Many different solid supports are currently used commercially for separation or solid phase synthesis, and many more have been described in various patents and publications. In general, the efficiency of a solid phase synthesis and separation processes depends on the surface area of the solid phase material. Porous materials offer the advantage of higher surface area per unit volume than the corresponding full density solids, permitting vastly improved synthesis and separation performance per unit volume of solid material.
One popular solid support is made from glass or silica, typically in the form of beads. Glass beads have several desirable properties. For example, they are inert to most (although not all) chemical reactions, and they are not easily crushed. Glass has many surface hydroxyl groups that can be used as "chemical handles" to join molecular fragments to the glass. Glass is fundamentally inexpensive, and technology has developed that can make glass beads highly porous, so that the beads have a high surface area/volume ratio.
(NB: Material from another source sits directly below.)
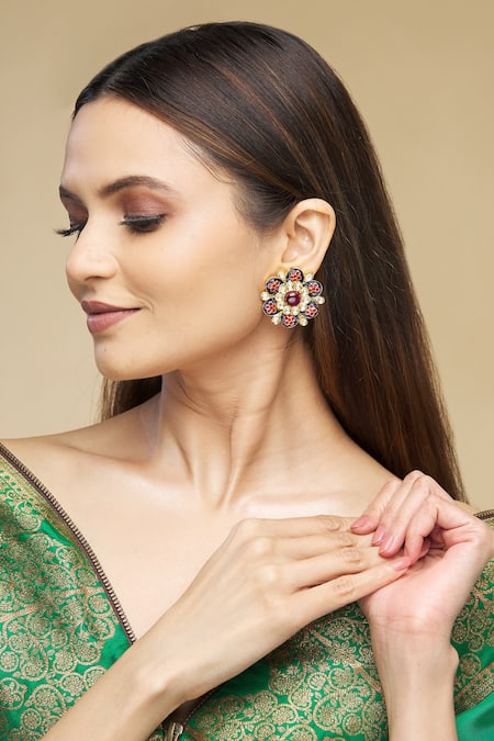 Gold tone floral stud earrings featuring Meenakari work in red and blue

However, glass beads are also rather brittle, and thus not very stable to mechanical action. When placed into a container with a mechanical stirrer, small pieces of the beads typically chip away, and these small pieces (commonly termed "fines") may find their way into the filtration equipment that is used to separate the beads from the spent reaction solutions. These fines can clog the filtration equipment, and thus present a continuing maintenance problem.
Although there are a large number of organic polymers, in the form of beads, membranes or monoliths, that are not brittle, thereby providing researchers with a potential means for solving the "fines" problem associated with glass beads, identifying an organic-based solid support with the correct balance of properties has proven to be a significant challenge. Typical methods to functionalize an organic polymer, i.e., provide the "chemical handles" that are needed to allow the polymer to serve as a solid-phase synthesis support or chromatography media, are rather harsh and lead to undesirable degradation of the polymer.
There is thus a need in the art for solid-phase supports for synthesis and separations which overcome the disadvantages of the prior art materials. The present invention fulfills this need and provides further related advantages as described herein.